REVIEW: After ‘Summertime’ Vanessa Lafaye's new novel tells a story from the past that resonates with today's America

Written by Adrian Clarke on .


At First Light by Vanessa Lafaye (Published June 2017 by Orion)

If you like a really good story really well told, this is a book for you.  Vanessa Lafaye's second novel - At First Light - tells a fairly discomforting tale, but it tells it with a clarity and a pace that keeps you involved - and guessing.

It is a novel based on a news item from history - from the year the First World War ended.  It was probably just a News in Brief item and the author has woven around it a cast of easily understood and colourful characters inhabiting a place that generally seems somewhat monochrome and certainly bleakly sordid - Florida's Key West settlement.

The time she has chosen is crucial: the Great War is over, men are returning from fighting in France, prohibition is coming, the Ku Klux Klan is gathering strength, the Spanish flu pandemic is bringing its ugly way of death to Key West.  
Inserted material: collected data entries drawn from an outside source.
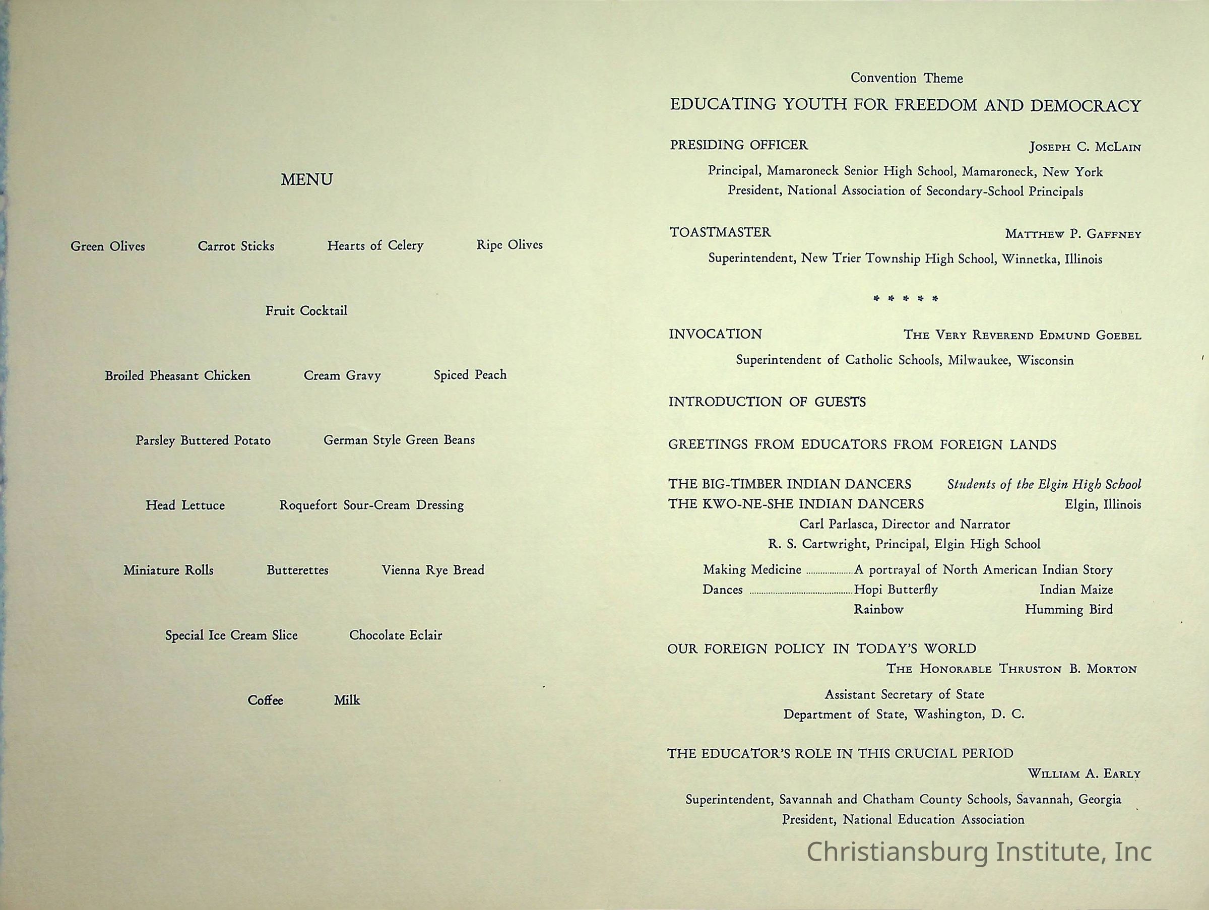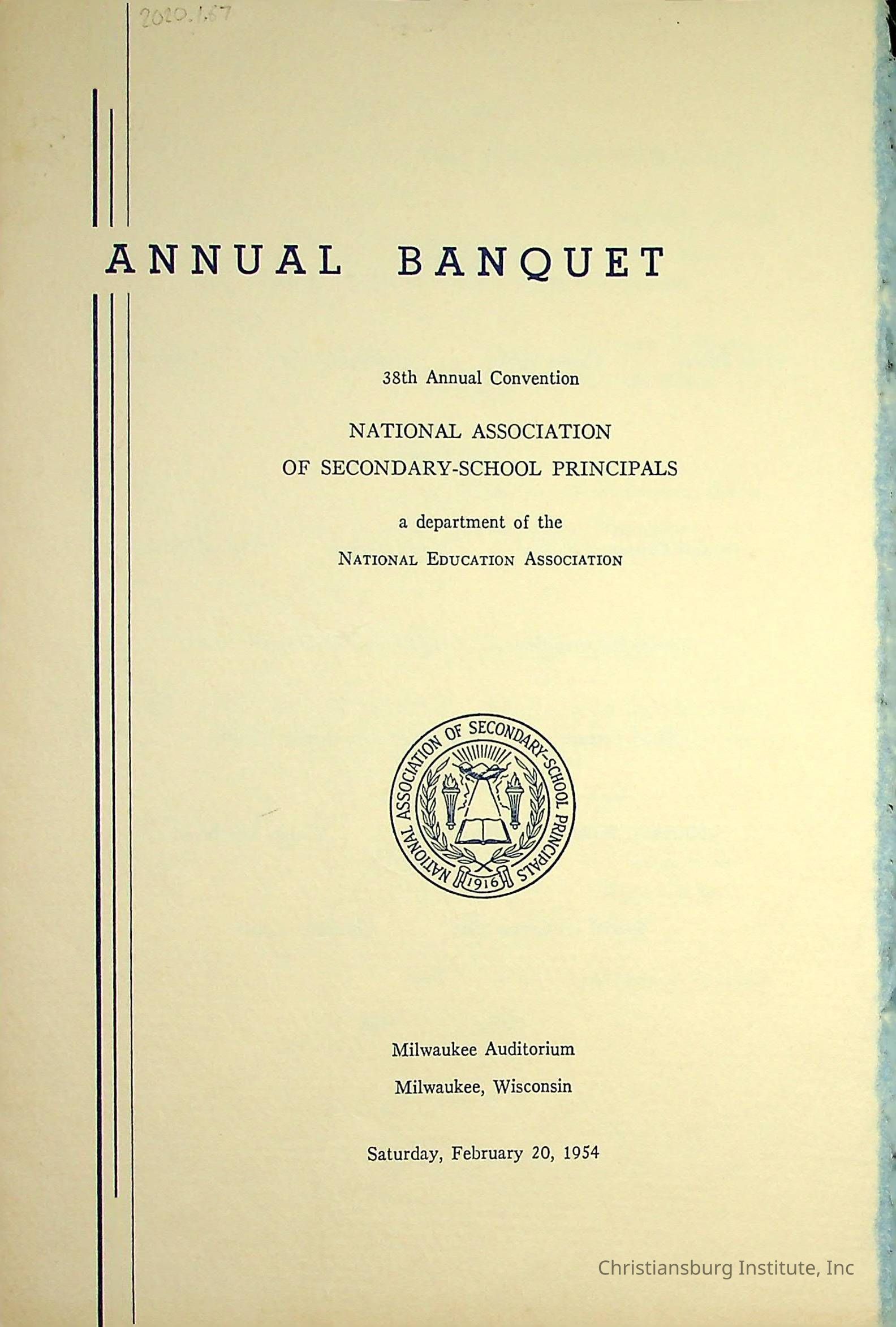Annual Banquet 38th Annual Convention for the National Association of Secondary School Principals 1954Description
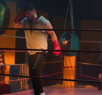 Фърат и неговият опонент Benjamin Doukha се бият в в зала, без зрители. Тук се  сблъскват преди мача.
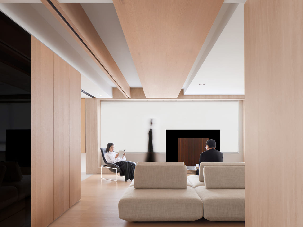 為更立體地支撐與呈現岩板質感,設計結合木作打造多樣家具量體,如長桌、座椅、洗手台、階梯踏階等,散布於不同場景之中,這些木作結構宛如立體拼圖,與具雕塑感的空間形體相互呼應;此外,岩板紋理與木材自然色調亦成為空間中唯一鮮明的色彩層次,營造出低調而富深度的感官體驗。
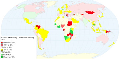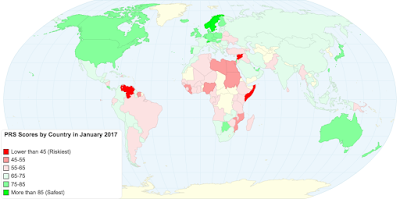 There are broader measures of country risk, taking the form of country risk scores that incorporate political, economic and legal risks, that are estimated by entities, some public (like the World Bank) and some private (like PRS and the Economist). The first is that they tend to be unstandardized, in the sense that each service that measures country risk has its own scoring mechanism, with World Bank scores going from low to high as country risk increases and PRS going from high to low. The second is that they are subjective, with variations in the factors considered and the weights attached to each. That said, there is information in looking at how the scores vary across time and across countries, with the picture below capturing PRS scores by country in January 2017. The numbers are also available in the linked spreadsheet.
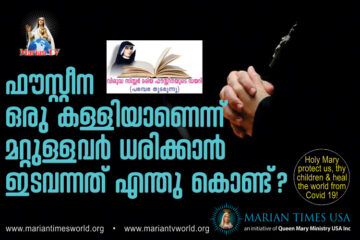 പബ്ലിയൂസിന്റെ പ്രബോധനമനുസരിച്ച് അവര് ക്രിസ്ത്യാനികളായിത്തീരുകയും നാളുകളായി തങ്ങള് ആഗ്രഹിച്ചിരുന്ന ആ മഹാദാനം മാനസാന്തരത്തിന്റെ ഫലമായി സ്വന്തമാക്കുകയും ചെയ്തു. എന്റെ ജ്ഞാനസ്നാനസമയത്ത് അവരെനിക്ക്’ഫിലോമിന’ ‘പ്രകാശത്തിന്റെ പുത്രി’ […]
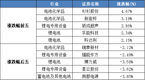 12月29日,电池行业下跌0.10%,沪深300下跌0.38%,电池行业跑赢大盘0.28pct。行业中涨跌幅前五的公司有杉杉股份(4.67%)、新宙邦(3.19%)、骄成超声(2.85%)、孚能科技(2.34%)和科利达(2.15%);涨跌幅后五的公司分别是瑞泰新材(-2.12%)、福能东方(-2.49%)、博力威(-3.59%)、星云股份(-3.62%)和南都电源(-3.80%)。
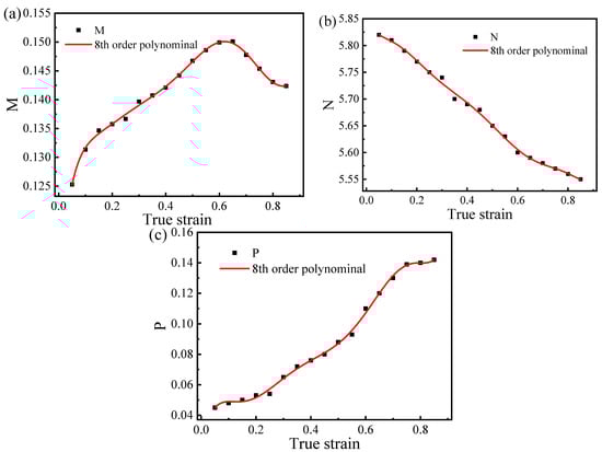 As shown in Figure 8a–c, the scatter plots of M, N and P are shown, respectively, as the strain changes, and then, a suitable polynomial fit is used to obtain the graphs between the strain and each parameter. After a comparison, it was found that the fit between the strain and parameters was better at the highest times of 8 times. The expressions for M, N and P are shown in Equations (11)–(13) below []:
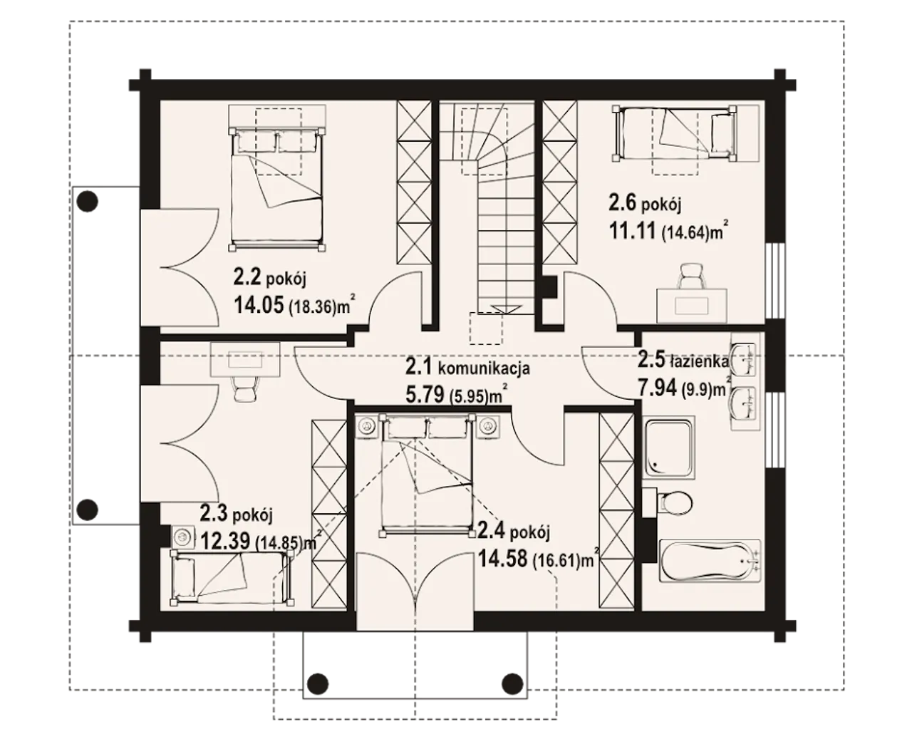 - rzutów kondygnacji użytkowych (parteru i jeśli występują: poddasza, piętra, piwnic)
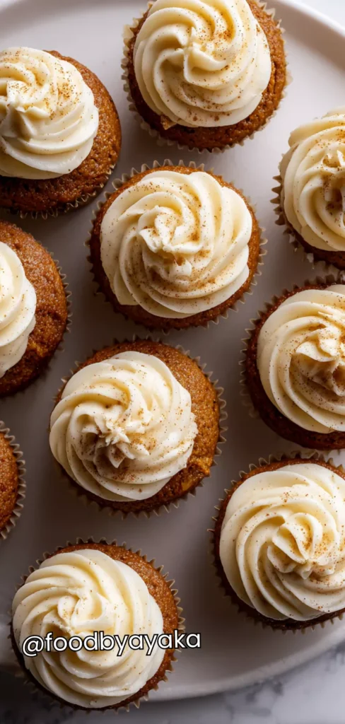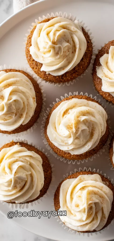 I love serving these cupcakes with a hot cup of spiced tea, coffee, or even a warm mug of cocoa. I usually place them on a decorative platter, arranging them neatly so each cupcake looks inviting and ready to be picked up. The swirl of cream cheese frosting looks extra appealing when I sprinkle a little cinnamon or ginger on top, or add festive sugar decorations, which immediately makes them feel like a holiday treat.
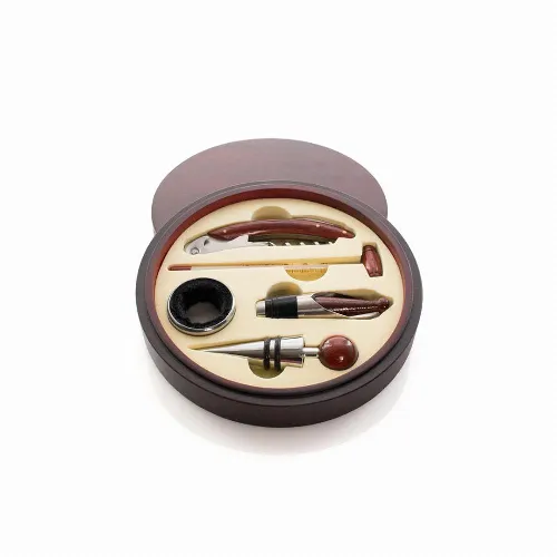 Wine set of elegant circular design with natural wood finish.
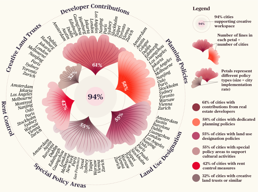 - 94% of cities are actively working to support and secure spaces for creatives
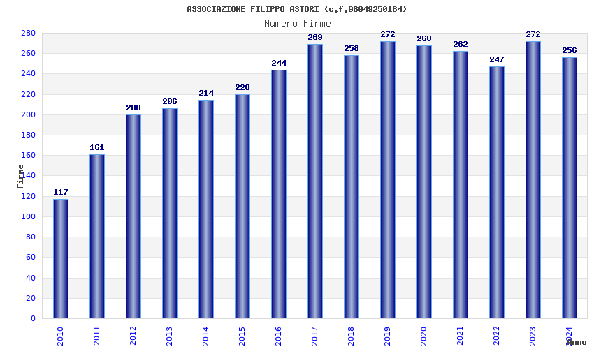 | Anno | Firme | Importi | Media | Naz. | Reg. | Prov. | Comu. |
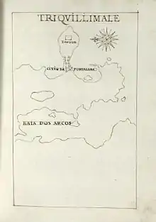 The Yalpana Vaipava Malai and Konesar Kalvettu, as well as a 16th-century Tamil inscription in Trincomalee and Tamil copper-plate inscriptions of the temple relate many details about Kullakottan's founding of Trincomalee and the Vanni.[47] Modern historians and anthropologists agree as historically factual the connection of the Vanniars with the Konesar temple. Dating the reign of the king has proved difficult. The Konesar Kalvettu dates Kullakottan's renovations to specifically between 432 and 440.[53] C. Rasanayagam notes that the Vanniar chiefs who were in control of the temple could not have multiplied so fast within 150 years causing the king Aggrabodhi I of Anuradhapura to take elaborate steps to contain the Vanniars in 593. He argues the Vanniars of the Vannimai were a buffer state between Trincomalee and Mannar from the classical period.[53] Other historians suggest that Kullakottan arrived to the island during the island's reign of The Five Dravidians of Pandyan descent, between 103 and 88 BCE, corroborating the Yalpana Vaipava Malai equation of his grandfather Manu Needhi Chola's identity with that of Ellalan Chola, a historical king who ruled the island from 205 to 161 BCE that shared many character traits with the legendary Manu Needhi. In Geography of Avienus, a poem of Latin geographer and writer Rufius Festus Avienius in 350 CE, the author bases his writing on the island on Orbis descriptio by Alexandrian Greek poet Dionysius Periegetes (117—138 CE), who called the island the "great Island of Coliadis" whose inhabitants worship the multi-towered Cholian temple to Venus on their Cholian rock promontory by the sea. A twelfth-century commentary on Periegetes by Eustathius of Thessalonica also compares the shape of Konesar Malai to a phallus.[45][46] The Portuguese historian De Quieroz cited poetic and inscriptional evidence to date Kullakottan's renovations to 1589 BCE, based on a Tamil poem by Kavi Raja Virothayan he read which was translated into English in 1831 by Simon Cassie Chitty. A major temple of the compound was built to the glory of the God Videmal by King Manica Raja 1300 years before the nativity according to Oud en Nieuw Oost-Indiën written in 1726 by François Valentijn.[54] Some consider the story of Kullakotan to be mythical based on the travails of historical figures such as Gajabahu II, Kalinga Magha or a Chola regent of Sri Lanka.[7][55]
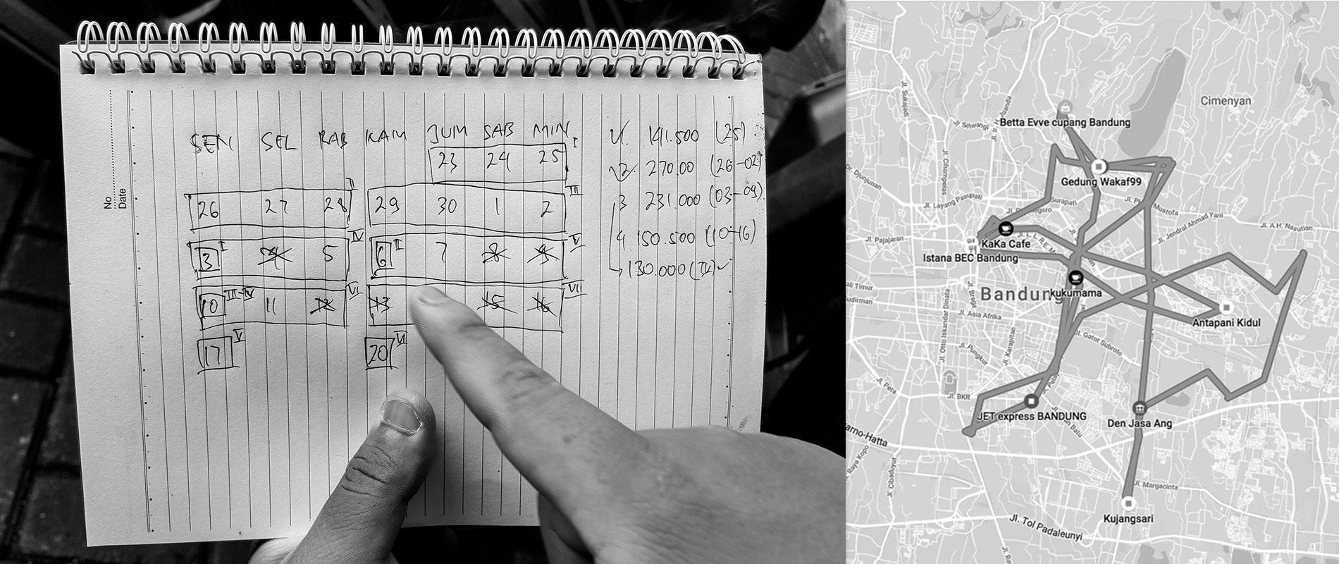 Pemasukannya sebagai kurir memang tidak konsisten dan sebesar pekerjaan sebelumnya. Anzhar belum ada pilihan lain. Istrinya mendapat upah Rp2 juta per bulan. Dengan penghasilan sebagai kurir, Anzhar mengaku khawatir tidak mampu membiayai kebutuhan keluarganya.Click To TweetSaya lantas memperlihatkan rekaman perjalanan bersamanya di Google Maps. Linimasa di aplikasi itu menunjukkan sejak berangkat dari kantor istrinya, Anzhar sudah ‘mengelilingi’ Bandung sejauh 61,7 kilometer hingga ke tempat saya memarkirkan motor. Perjalanan itu menghabiskan waktu 4 jam 35 menit.
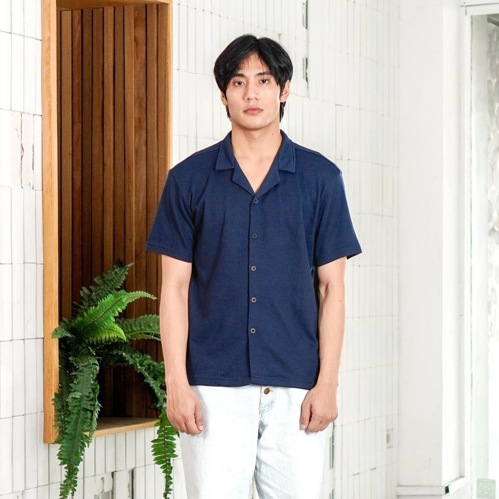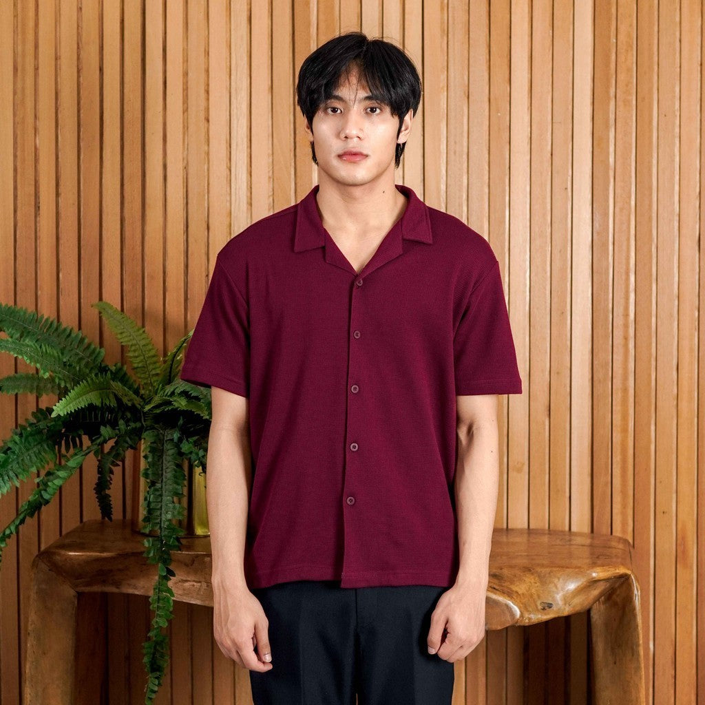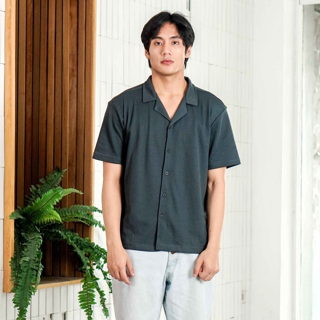 Matsuda Kemeja Pria Lengan pendek Waffle Kasual Sagae
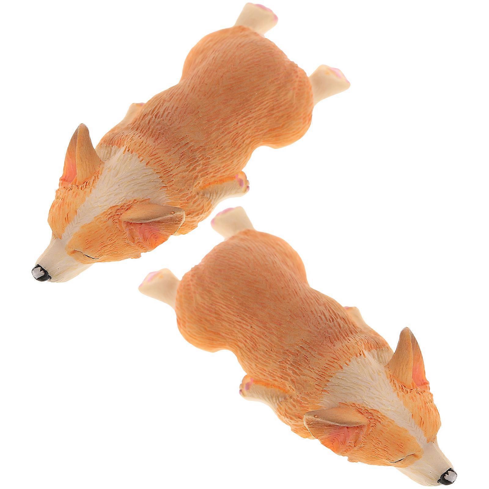 Dog Car Charm Resin Mini Dog Figurines Living Room Yellow 2Pcs

Into this maelstrom comes Alicia - forced to flee her home in Cuba.  She is 'brown'. She is surprised and shocked to find herself managing a brothel.  She then surprises herself by falling in love with a war-damaged soldier.  He is white.  And their union provides an excuse for the KKK to mobilise.

Alicia Cortez takes over the brothel - which goes under the sly name of The Tea Room - from her aunt who has been killed by the Spanish flu.  Her lover, John Morales, runs a bar called - quaintly enough - The Last Resort.

With a tide of American patriotism running strongly after the war, the bar might have been called the last refuge.

Descriptions of place are sketches rather than street maps, but they still give the reader a clear picture of the frontier town world of Key West.  And what might in another hand become overblown and wordy, the set pieces are treated like the everyday stuff of life they must seem to be to At First Light's cast of characters.

One of Vanessa Lafaye's great skills is to write entirely objectively about the highly ethical and moral themes that surround these events.  She makes no judgment on them - a judgment which might sit uncomfortably with the customs and moral norms of the time she is writing about.  The moral point is made by the story as she reveals it.

This is a novel of retribution.  It is not a thriller, not a novel of simple revenge. It is a tragedy.  It has nothing to do with the traditions of Jacobean revenge tragedy, and a great deal to do with America's continuing and greatest stain - the racism that stretches across the centuries from the genocide against Native Americans to Trump.  Weren't his tweeted attacks on Mayor Sadiq Khan nothing more than pathetic playground racism?  After all they were not part of any normal President's everyday concern or tasks.

In 1918 the Klan are seeking to make America great again by killing or excluding everyone who is not white and protestant.  So they wage war against Jews, Catholics and anyone of colour - sowing the seeds of perpetual hate.

The title At First Light harks back to the executions of allegedly cowardly soldiers during the First World War.  They were shot at first light.  Others went 'over the top' at first light. But I think it also refers obliquely to the light of certainty that enters Alicia's world, late in life, to clear away the horrible and pitiable darkness that surrounded her relationship with John Morales.  

There are other themes threaded carefully and unobtrusively through the book.  Among them: the contrast between Cuba and Key West, Alicia's herbal healing, the acceptance of fairly uncivilised ways of life, and the ordinariness of life in both Tea Room and Last Resort.

Vanessa Lafaye's first novel, the very successful Summertime, featured a public lynching.  At First Light plays light on a wider canvas of racism - a canvas occupied then and now by the extremists of the KKK and their playground full of fellow travellers.  

There is a strong and sobering lesson in the tale of Alicia Cortez and John Morales, but it is a lesson told by Vanessa Lafaye with subtle control and written beautifully - in clear and compelling language.